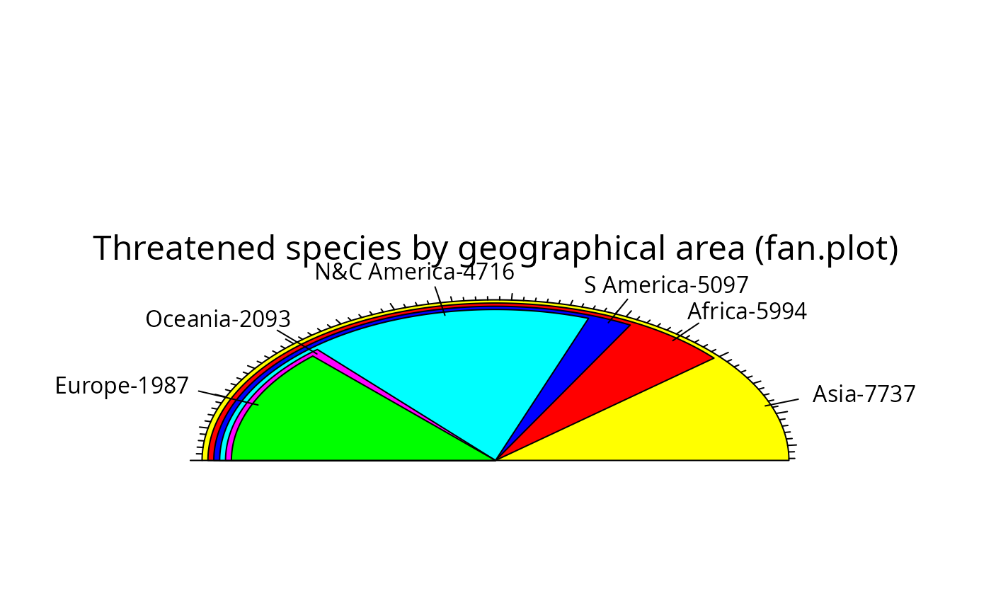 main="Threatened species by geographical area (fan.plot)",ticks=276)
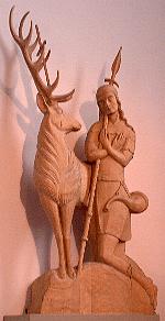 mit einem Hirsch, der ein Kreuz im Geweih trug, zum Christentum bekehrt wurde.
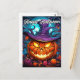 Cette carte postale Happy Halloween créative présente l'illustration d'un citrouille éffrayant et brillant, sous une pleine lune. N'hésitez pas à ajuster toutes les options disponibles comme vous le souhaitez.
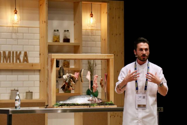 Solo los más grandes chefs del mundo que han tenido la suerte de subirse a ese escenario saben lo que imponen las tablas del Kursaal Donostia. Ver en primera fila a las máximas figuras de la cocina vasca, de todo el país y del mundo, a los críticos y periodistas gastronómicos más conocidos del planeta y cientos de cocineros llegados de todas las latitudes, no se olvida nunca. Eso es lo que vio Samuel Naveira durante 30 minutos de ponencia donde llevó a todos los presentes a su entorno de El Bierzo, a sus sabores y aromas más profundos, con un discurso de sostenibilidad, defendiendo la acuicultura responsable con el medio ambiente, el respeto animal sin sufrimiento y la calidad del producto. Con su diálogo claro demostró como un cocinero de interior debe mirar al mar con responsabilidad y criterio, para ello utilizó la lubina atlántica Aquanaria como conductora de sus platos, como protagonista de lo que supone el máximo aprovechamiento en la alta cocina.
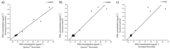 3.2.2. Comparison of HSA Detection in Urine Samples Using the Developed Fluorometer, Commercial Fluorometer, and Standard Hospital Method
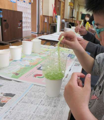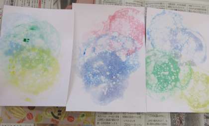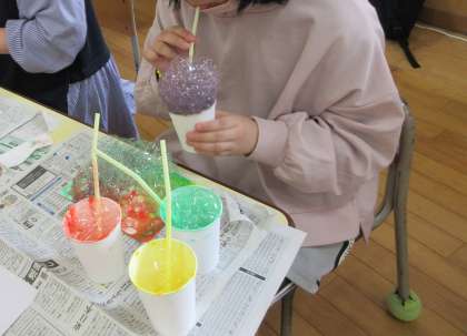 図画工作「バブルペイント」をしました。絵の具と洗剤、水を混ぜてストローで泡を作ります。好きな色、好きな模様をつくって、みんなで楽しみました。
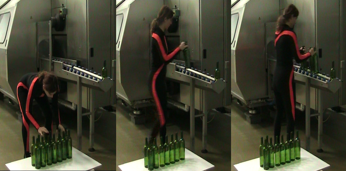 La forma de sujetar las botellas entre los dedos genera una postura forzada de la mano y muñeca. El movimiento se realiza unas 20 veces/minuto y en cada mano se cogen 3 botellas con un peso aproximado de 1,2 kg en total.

**WHAT THIS TASK INVOLVES:**
Please retype all the entries word for word, omitting the pictures.

**OUTPUT OF THE EXERCISE:**
 main="Threatened species by geographical area (fan.plot)",ticks=276)
 mit einem Hirsch, der ein Kreuz im Geweih trug, zum Christentum bekehrt wurde.
 Cette carte postale Happy Halloween créative présente l'illustration d'un citrouille éffrayant et brillant, sous une pleine lune. N'hésitez pas à ajuster toutes les options disponibles comme vous le souhaitez.
 Solo los más grandes chefs del mundo que han tenido la suerte de subirse a ese escenario saben lo que imponen las tablas del Kursaal Donostia. Ver en primera fila a las máximas figuras de la cocina vasca, de todo el país y del mundo, a los críticos y periodistas gastronómicos más conocidos del planeta y cientos de cocineros llegados de todas las latitudes, no se olvida nunca. Eso es lo que vio Samuel Naveira durante 30 minutos de ponencia donde llevó a todos los presentes a su entorno de El Bierzo, a sus sabores y aromas más profundos, con un discurso de sostenibilidad, defendiendo la acuicultura responsable con el medio ambiente, el respeto animal sin sufrimiento y la calidad del producto. Con su diálogo claro demostró como un cocinero de interior debe mirar al mar con responsabilidad y criterio, para ello utilizó la lubina atlántica Aquanaria como conductora de sus platos, como protagonista de lo que supone el máximo aprovechamiento en la alta cocina.
 3.2.2. Comparison of HSA Detection in Urine Samples Using the Developed Fluorometer, Commercial Fluorometer, and Standard Hospital Method
 図画工作「バブルペイント」をしました。絵の具と洗剤、水を混ぜてストローで泡を作ります。好きな色、好きな模様をつくって、みんなで楽しみました。
 La forma de sujetar las botellas entre los dedos genera una postura forzada de la mano y muñeca. El movimiento se realiza unas 20 veces/minuto y en cada mano se cogen 3 botellas con un peso aproximado de 1,2 kg en total.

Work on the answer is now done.